▶ [ABOUT THIS EXERCISE]: Everything in the listing that follows should be reproduced exactly except the pictures.

══ GIVEN MATERIAL

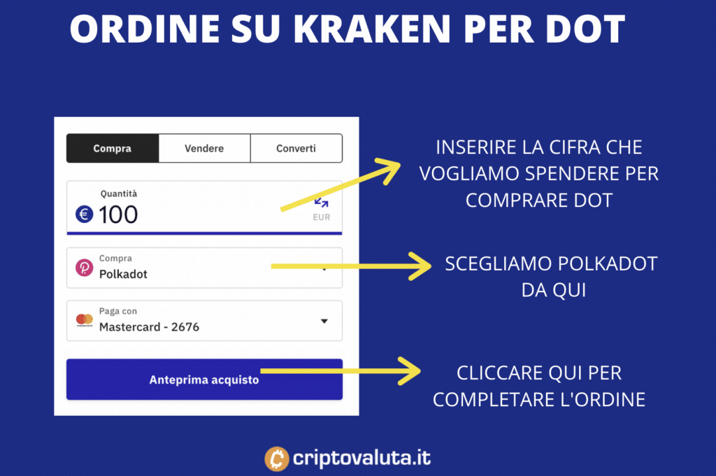 Non è difficile procedere con l’ordine. Dalla schermata principale di Kraken scegliamo ACQUISTA, per arrivare alla schermata che riportiamo qui sotto. Scegliamo prima l’importo in Euro da acquistare, poi invece scegliamo la criptovaluta – in questo caso Polkadot / DOT e poi selezioniamo il metodo di pagamento. Dovremo poi cliccare su ANTEPRIMA ACQUISTO, dove troveremo un riassunto del nostro ordine, comprese le spese di commissione.
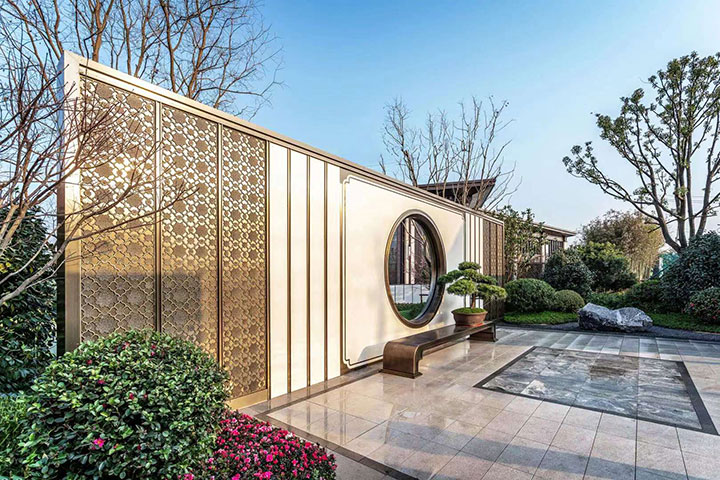 - 產(chǎn)品寓意中國(guó)古建筑多種元素的靈活運(yùn)用,營(yíng)造東方花園的華貴印象。同時(shí),現(xiàn)代感的幾何線(xiàn)條穿插于文華之間,彰顯出鮮明的時(shí)代氣息。
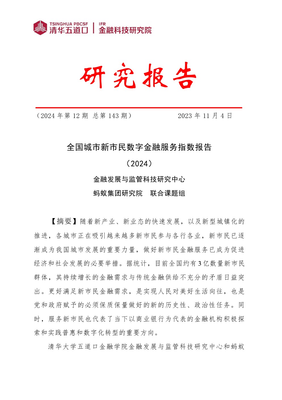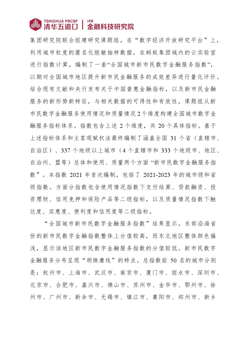 清华五道口:全国城市新市民数字金融服务指数报告(2024)
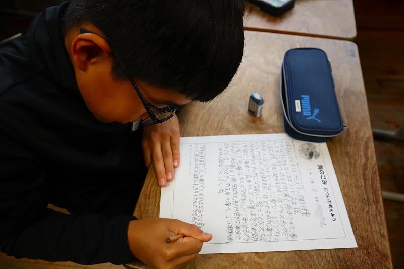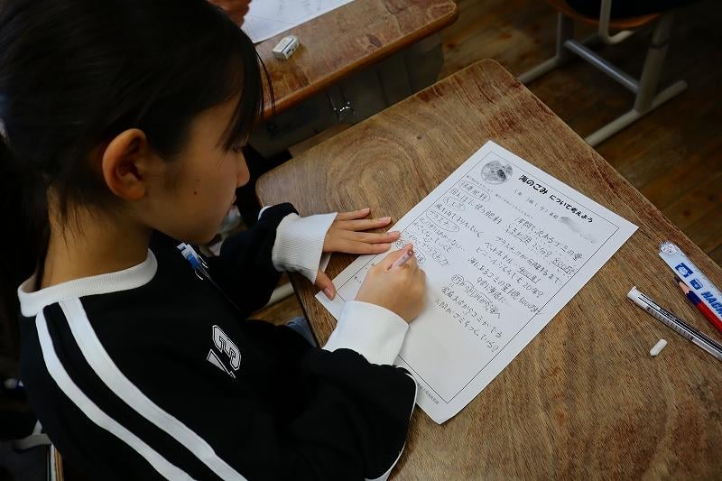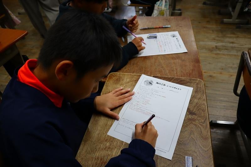 5年生の「ごみ育」がありました。現在、海洋プラスチックごみの問題が地球規模で深刻化しています。マイクロプラスチックは生態系へ大きな影響を与えます。いま、小学生の私たちができることを一生懸命に考えました。

════

▶ [SOLUTION TO THIS TASK]:
 Non è difficile procedere con l’ordine. Dalla schermata principale di Kraken scegliamo ACQUISTA, per arrivare alla schermata che riportiamo qui sotto. Scegliamo prima l’importo in Euro da acquistare, poi invece scegliamo la criptovaluta – in questo caso Polkadot / DOT e poi selezioniamo il metodo di pagamento. Dovremo poi cliccare su ANTEPRIMA ACQUISTO, dove troveremo un riassunto del nostro ordine, comprese le spese di commissione.
 - 產(chǎn)品寓意中國(guó)古建筑多種元素的靈活運(yùn)用,營(yíng)造東方花園的華貴印象。同時(shí),現(xiàn)代感的幾何線(xiàn)條穿插于文華之間,彰顯出鮮明的時(shí)代氣息。
 清华五道口:全国城市新市民数字金融服务指数报告(2024)
 5年生の「ごみ育」がありました。現在、海洋プラスチックごみの問題が地球規模で深刻化しています。マイクロプラスチックは生態系へ大きな影響を与えます。いま、小学生の私たちができることを一生懸命に考えました。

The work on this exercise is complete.